DATASET CONTENT START

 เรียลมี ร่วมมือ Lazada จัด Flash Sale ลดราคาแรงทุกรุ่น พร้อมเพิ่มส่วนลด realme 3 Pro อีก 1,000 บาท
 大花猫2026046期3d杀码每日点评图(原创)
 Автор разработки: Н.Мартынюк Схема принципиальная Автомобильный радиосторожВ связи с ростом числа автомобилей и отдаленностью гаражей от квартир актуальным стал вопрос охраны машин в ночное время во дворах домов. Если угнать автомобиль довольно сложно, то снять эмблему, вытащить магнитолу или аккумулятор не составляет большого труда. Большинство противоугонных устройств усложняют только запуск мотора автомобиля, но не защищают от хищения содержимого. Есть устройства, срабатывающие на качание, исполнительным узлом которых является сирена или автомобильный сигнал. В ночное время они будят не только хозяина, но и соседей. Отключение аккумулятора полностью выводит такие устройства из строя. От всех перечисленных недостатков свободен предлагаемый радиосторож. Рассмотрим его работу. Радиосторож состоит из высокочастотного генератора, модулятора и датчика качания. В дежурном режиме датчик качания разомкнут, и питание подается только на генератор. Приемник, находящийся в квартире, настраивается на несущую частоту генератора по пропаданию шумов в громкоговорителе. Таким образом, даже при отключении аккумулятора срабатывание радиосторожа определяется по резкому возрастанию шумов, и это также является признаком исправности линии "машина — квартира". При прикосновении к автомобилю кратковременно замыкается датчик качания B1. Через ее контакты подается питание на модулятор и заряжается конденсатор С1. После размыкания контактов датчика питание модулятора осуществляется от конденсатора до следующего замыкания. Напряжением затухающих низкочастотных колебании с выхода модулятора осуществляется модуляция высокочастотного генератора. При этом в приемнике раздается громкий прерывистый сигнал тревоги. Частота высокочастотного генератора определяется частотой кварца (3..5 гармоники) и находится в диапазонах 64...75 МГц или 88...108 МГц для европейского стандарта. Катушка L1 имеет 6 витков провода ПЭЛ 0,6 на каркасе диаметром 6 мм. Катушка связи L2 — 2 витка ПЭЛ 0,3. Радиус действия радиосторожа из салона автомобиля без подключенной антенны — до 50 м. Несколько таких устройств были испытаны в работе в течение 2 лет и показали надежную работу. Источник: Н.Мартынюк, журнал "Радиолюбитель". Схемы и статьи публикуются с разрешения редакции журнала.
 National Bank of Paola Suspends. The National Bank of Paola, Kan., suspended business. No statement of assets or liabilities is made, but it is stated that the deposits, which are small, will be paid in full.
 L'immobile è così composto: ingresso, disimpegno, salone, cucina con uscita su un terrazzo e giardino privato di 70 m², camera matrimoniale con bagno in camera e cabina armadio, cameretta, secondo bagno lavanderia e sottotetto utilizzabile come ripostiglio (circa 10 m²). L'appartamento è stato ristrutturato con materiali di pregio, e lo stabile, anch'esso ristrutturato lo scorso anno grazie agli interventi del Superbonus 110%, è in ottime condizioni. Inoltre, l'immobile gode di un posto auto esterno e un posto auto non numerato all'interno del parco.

DATASET CONTENT END
DATASET CONTENT START

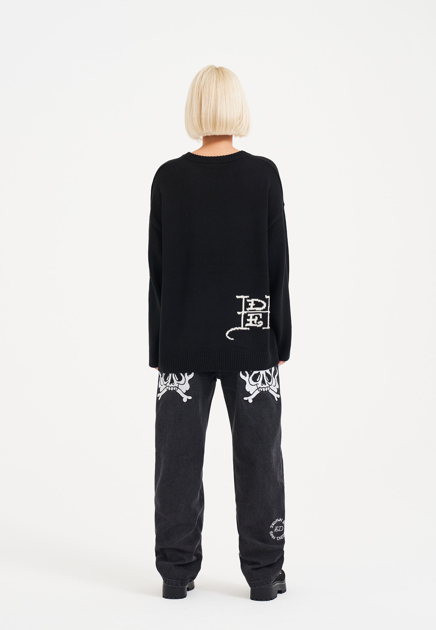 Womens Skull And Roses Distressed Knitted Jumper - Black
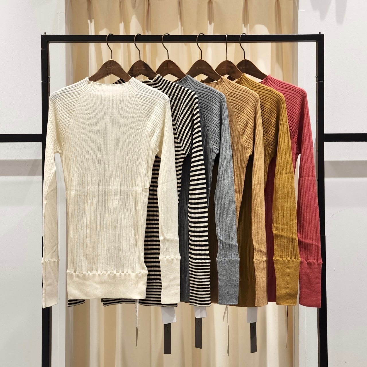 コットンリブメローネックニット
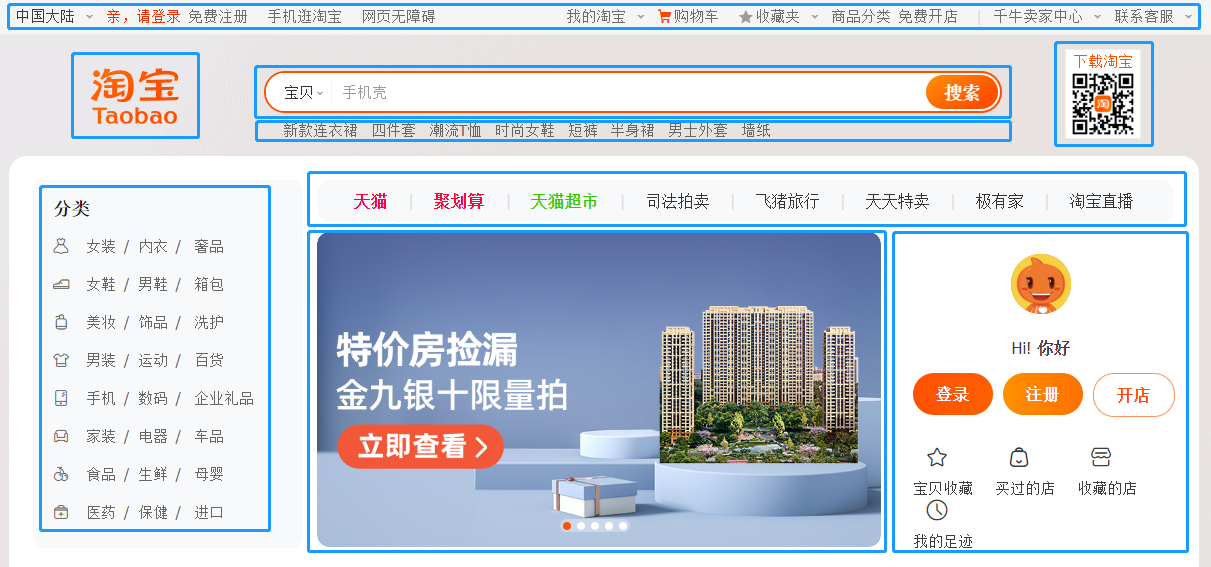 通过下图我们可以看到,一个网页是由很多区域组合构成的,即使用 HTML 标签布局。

DATASET CONTENT END

Scan the records above for the lines holding "เรียลมี ร่วมมือ Lazada" and "大花猫2026046期3d杀码每日点评图(原创)". Transcribe those two and every line between them word for word, and no others.

 เรียลมี ร่วมมือ Lazada จัด Flash Sale ลดราคาแรงทุกรุ่น พร้อมเพิ่มส่วนลด realme 3 Pro อีก 1,000 บาท
 大花猫2026046期3d杀码每日点评图(原创)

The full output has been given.